What is needed is a faithful transcription of all the data below, pictures excluded.

### RECORDED DATA:
- - -
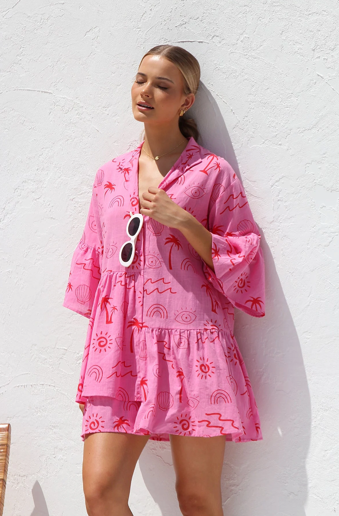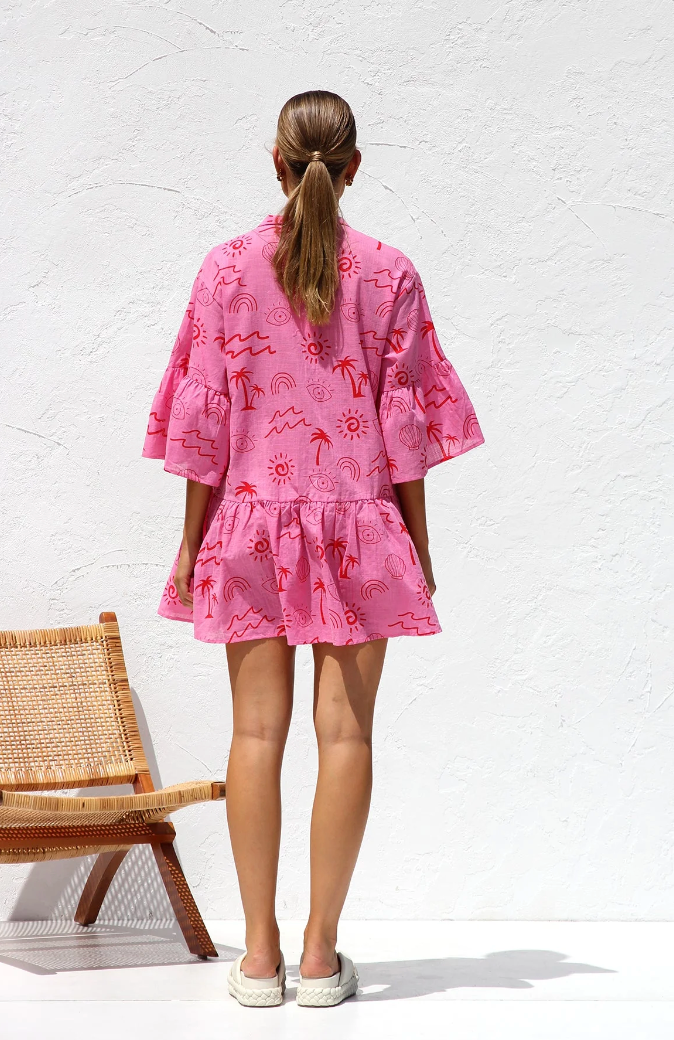 Draag deze tuniekjurk met sandalen en een rieten tas voor een moeiteloze zomerse look. Ook perfect als strand cover-up over je bikini. Voeg een hoed en zonnebril toe voor een relaxte maar stijlvolle uitstraling.
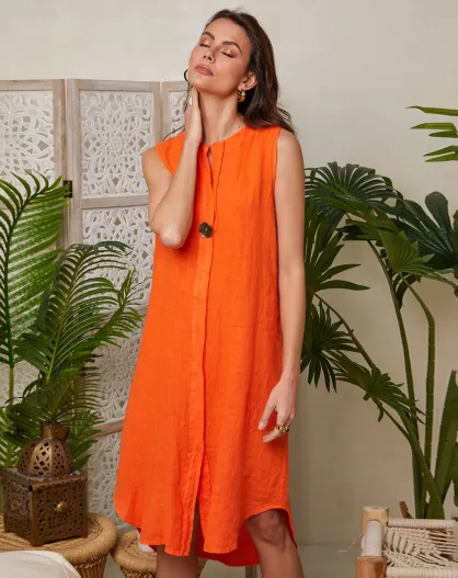 Cloe orangefarbenes Kleid aus 100% Leinen
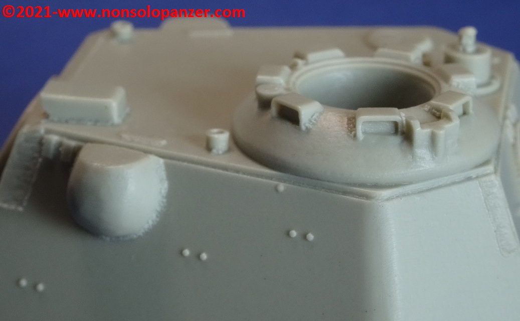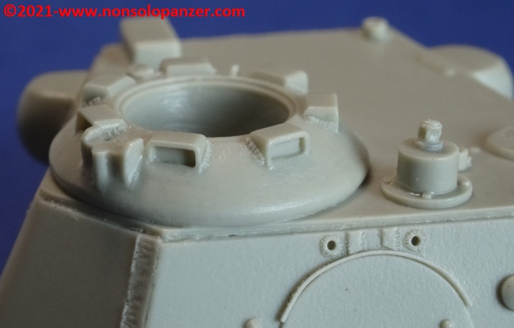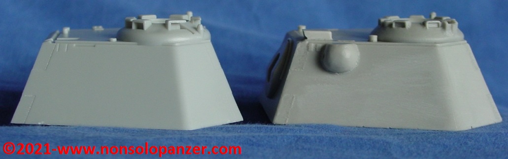 Said that, I would like to propose an examination of the “Schmalturm” by Accurate Armour. Although I do not remember the date of marketing of the set in question, it spontaneously matched with the more or less contemporary kits dedicated to “Panter II” and “Panther” Ausf.F that Dragon Models distributed in the early ’90s. It was well known that these models contained an incorrectly proportioned “Schmalturm” turret. The purchase of the Accurate Armour set appeared, therefore, to be the most effective way to correct this error. In reality, this is not the case. A reliable source of information on Panzers, including their correct measurements, is the “Panzer Tracts” series by Thomas-Jentz and Hillary Doyle; volume 5-4 “Panzerkampwagen Panther II and Panther Ausf.F” offers ample space to the “Schmalturm”. Technical drawings in hand, it is clear that Accurate Armour’s “Schmalturm” is wrong in size and proportions. Not only, Accurate Armour’s “Schmalturm” is identical to the one included in the Dragon Models “Panther II” kit mentioned above. The possibilities are two: Accurate Armour and Dragon Models drew the wrong measurements from the same source, or one copied the other. That said, Accurate Armour’s “Schmalturm” is very well detailed and, for this reason, remains an excellent substitute for its plastic counterpart despite the flaw demonstrated here. Obviously this assessment is made against what was offered by the older Dragon Model kits, I am unable to make comparisons with more recent plastic models.
- - -
### RESPONSE TO THE EXERCISE:
 Draag deze tuniekjurk met sandalen en een rieten tas voor een moeiteloze zomerse look. Ook perfect als strand cover-up over je bikini. Voeg een hoed en zonnebril toe voor een relaxte maar stijlvolle uitstraling.
 Cloe orangefarbenes Kleid aus 100% Leinen
 Said that, I would like to propose an examination of the “Schmalturm” by Accurate Armour. Although I do not remember the date of marketing of the set in question, it spontaneously matched with the more or less contemporary kits dedicated to “Panter II” and “Panther” Ausf.F that Dragon Models distributed in the early ’90s. It was well known that these models contained an incorrectly proportioned “Schmalturm” turret. The purchase of the Accurate Armour set appeared, therefore, to be the most effective way to correct this error. In reality, this is not the case. A reliable source of information on Panzers, including their correct measurements, is the “Panzer Tracts” series by Thomas-Jentz and Hillary Doyle; volume 5-4 “Panzerkampwagen Panther II and Panther Ausf.F” offers ample space to the “Schmalturm”. Technical drawings in hand, it is clear that Accurate Armour’s “Schmalturm” is wrong in size and proportions. Not only, Accurate Armour’s “Schmalturm” is identical to the one included in the Dragon Models “Panther II” kit mentioned above. The possibilities are two: Accurate Armour and Dragon Models drew the wrong measurements from the same source, or one copied the other. That said, Accurate Armour’s “Schmalturm” is very well detailed and, for this reason, remains an excellent substitute for its plastic counterpart despite the flaw demonstrated here. Obviously this assessment is made against what was offered by the older Dragon Model kits, I am unable to make comparisons with more recent plastic models.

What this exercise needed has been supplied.